Begin at the line that holds "신규로 웰빙댄스, 크로키" and copy each line exactly until the data below ends, including that last line but no pictures.

> _DATA BLOCK_:
----
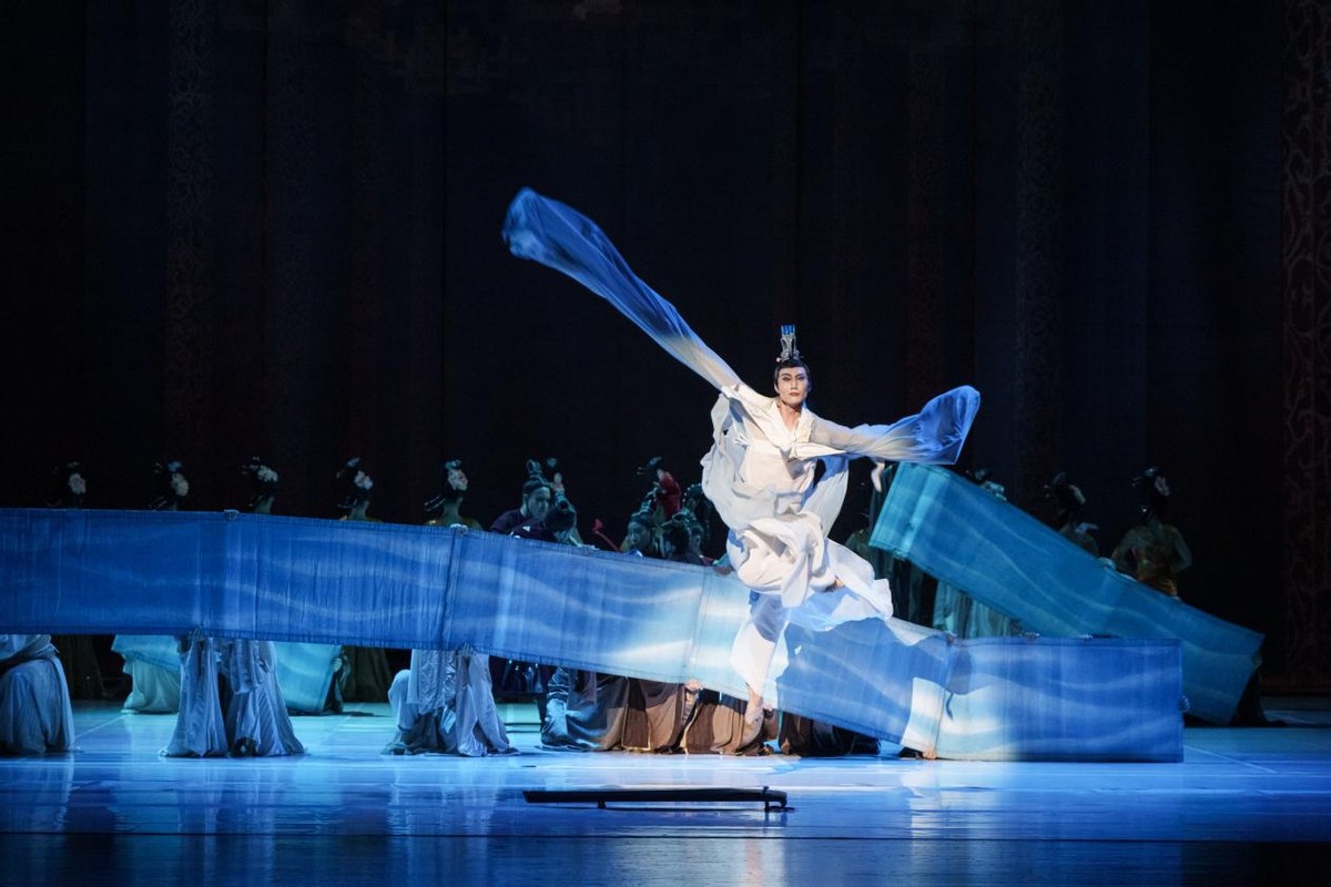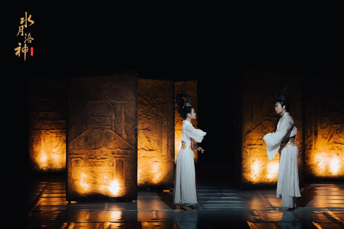 大型舞剧《水月洛神》以曹植的传世名篇《洛神赋》《七步诗》及中原传说为依托,将“诗、书、礼、乐、舞”融汇一堂,极富古风古韵之美。“髣髴兮若轻云之蔽月,飘飖兮若流风之回雪。”一千多年前,曹植一首冠绝古今的《洛神赋》为世人勾勒出“翩若惊鸿,婉若游龙”的洛神形象。如今,随着舞剧《水月洛神》的演出,古文中的洛神形象真正实现了具象化。
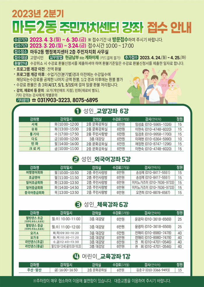 신규로 웰빙댄스, 크로키 강좌도 추가되어 주민들의 많은 관심을 받고 있다. 이번 강좌는 4월 3일부터 6월 30일까지 운영 할 예정이다.
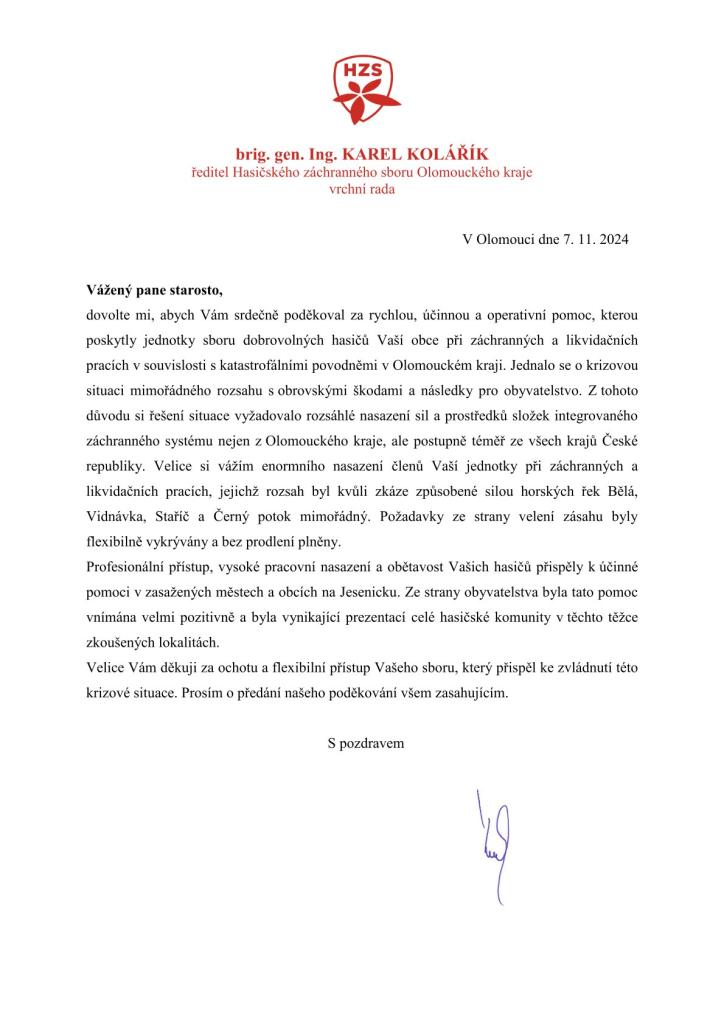 Olomoucký hasičský záchranný sbor děkuje naší jednotce sboru dobrovolných hasičů obce Podolí za rychlou pomoc při zvládání následků způsobené katastrofálními povodněmi v Olomouckém kraji.
----
> _RESPONSE TO THIS TASK_:
 신규로 웰빙댄스, 크로키 강좌도 추가되어 주민들의 많은 관심을 받고 있다. 이번 강좌는 4월 3일부터 6월 30일까지 운영 할 예정이다.
 Olomoucký hasičský záchranný sbor děkuje naší jednotce sboru dobrovolných hasičů obce Podolí za rychlou pomoc při zvládání následků způsobené katastrofálními povodněmi v Olomouckém kraji.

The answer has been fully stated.